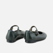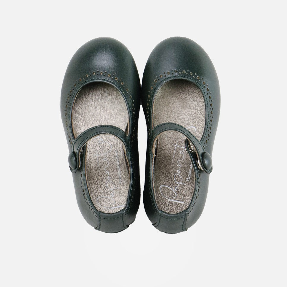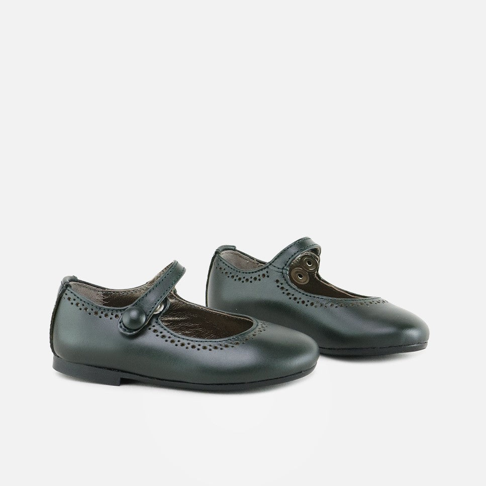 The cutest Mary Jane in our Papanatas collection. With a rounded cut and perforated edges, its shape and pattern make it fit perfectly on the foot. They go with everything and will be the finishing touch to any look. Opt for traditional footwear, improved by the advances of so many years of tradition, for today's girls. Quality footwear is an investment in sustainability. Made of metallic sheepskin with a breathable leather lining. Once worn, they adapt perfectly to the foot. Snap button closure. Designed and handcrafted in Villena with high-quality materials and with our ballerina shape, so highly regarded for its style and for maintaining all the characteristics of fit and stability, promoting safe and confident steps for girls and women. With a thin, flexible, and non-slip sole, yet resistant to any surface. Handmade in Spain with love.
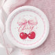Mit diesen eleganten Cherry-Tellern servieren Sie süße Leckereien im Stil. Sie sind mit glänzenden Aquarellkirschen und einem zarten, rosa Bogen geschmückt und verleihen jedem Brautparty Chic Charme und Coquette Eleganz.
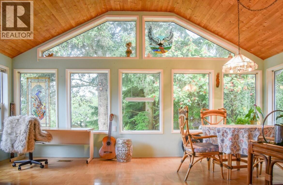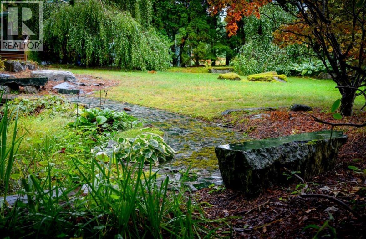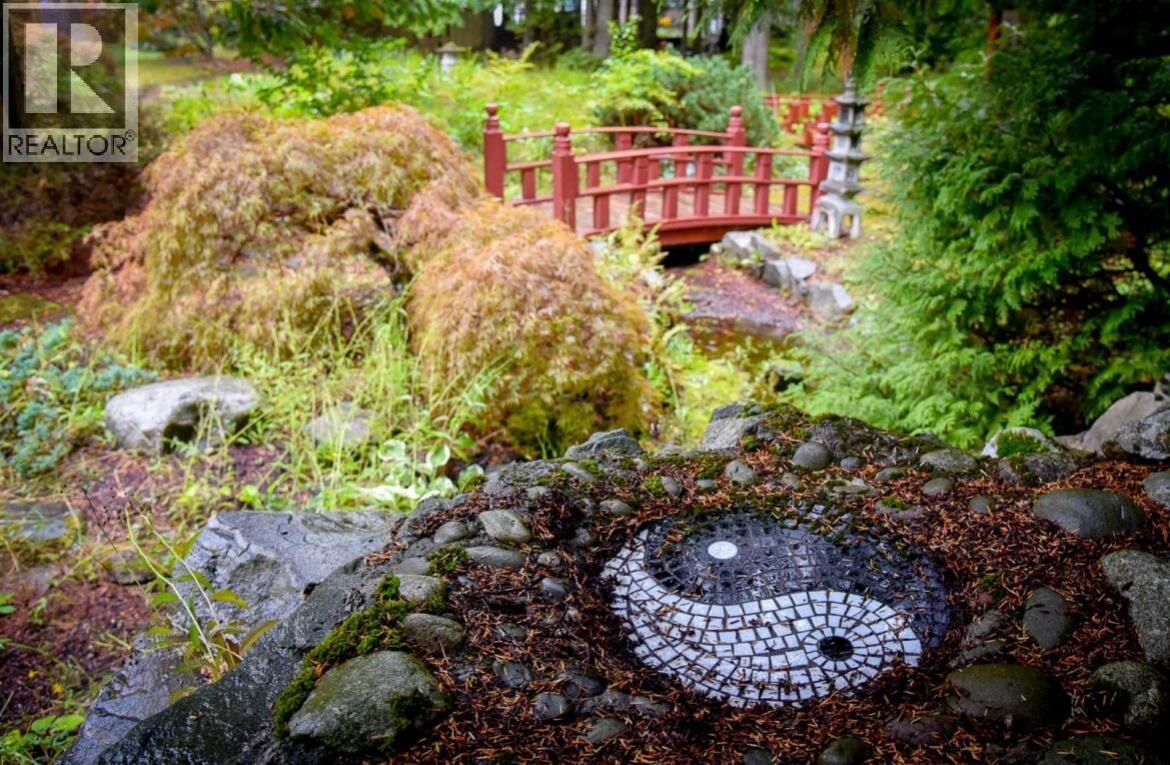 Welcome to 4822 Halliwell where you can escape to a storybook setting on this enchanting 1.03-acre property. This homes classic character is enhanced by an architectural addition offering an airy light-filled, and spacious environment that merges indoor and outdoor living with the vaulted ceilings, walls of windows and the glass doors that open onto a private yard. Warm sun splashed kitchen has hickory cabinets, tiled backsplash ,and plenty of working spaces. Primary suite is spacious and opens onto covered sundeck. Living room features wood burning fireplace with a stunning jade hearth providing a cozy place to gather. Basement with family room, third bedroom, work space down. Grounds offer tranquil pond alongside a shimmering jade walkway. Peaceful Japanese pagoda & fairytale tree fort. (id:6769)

_ _ _ _

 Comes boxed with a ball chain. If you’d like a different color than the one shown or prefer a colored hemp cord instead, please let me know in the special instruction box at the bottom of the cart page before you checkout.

_ _ _ _

**Aim of the exercise**
Give exactly the lines above that run from the line with "The cutest Mary" to the line with "Welcome to 4822", both included, leaving every picture out.

**Solution for this task**
 The cutest Mary Jane in our Papanatas collection. With a rounded cut and perforated edges, its shape and pattern make it fit perfectly on the foot. They go with everything and will be the finishing touch to any look. Opt for traditional footwear, improved by the advances of so many years of tradition, for today's girls. Quality footwear is an investment in sustainability. Made of metallic sheepskin with a breathable leather lining. Once worn, they adapt perfectly to the foot. Snap button closure. Designed and handcrafted in Villena with high-quality materials and with our ballerina shape, so highly regarded for its style and for maintaining all the characteristics of fit and stability, promoting safe and confident steps for girls and women. With a thin, flexible, and non-slip sole, yet resistant to any surface. Handmade in Spain with love.
Mit diesen eleganten Cherry-Tellern servieren Sie süße Leckereien im Stil. Sie sind mit glänzenden Aquarellkirschen und einem zarten, rosa Bogen geschmückt und verleihen jedem Brautparty Chic Charme und Coquette Eleganz.
 Welcome to 4822 Halliwell where you can escape to a storybook setting on this enchanting 1.03-acre property. This homes classic character is enhanced by an architectural addition offering an airy light-filled, and spacious environment that merges indoor and outdoor living with the vaulted ceilings, walls of windows and the glass doors that open onto a private yard. Warm sun splashed kitchen has hickory cabinets, tiled backsplash ,and plenty of working spaces. Primary suite is spacious and opens onto covered sundeck. Living room features wood burning fireplace with a stunning jade hearth providing a cozy place to gather. Basement with family room, third bedroom, work space down. Grounds offer tranquil pond alongside a shimmering jade walkway. Peaceful Japanese pagoda & fairytale tree fort. (id:6769)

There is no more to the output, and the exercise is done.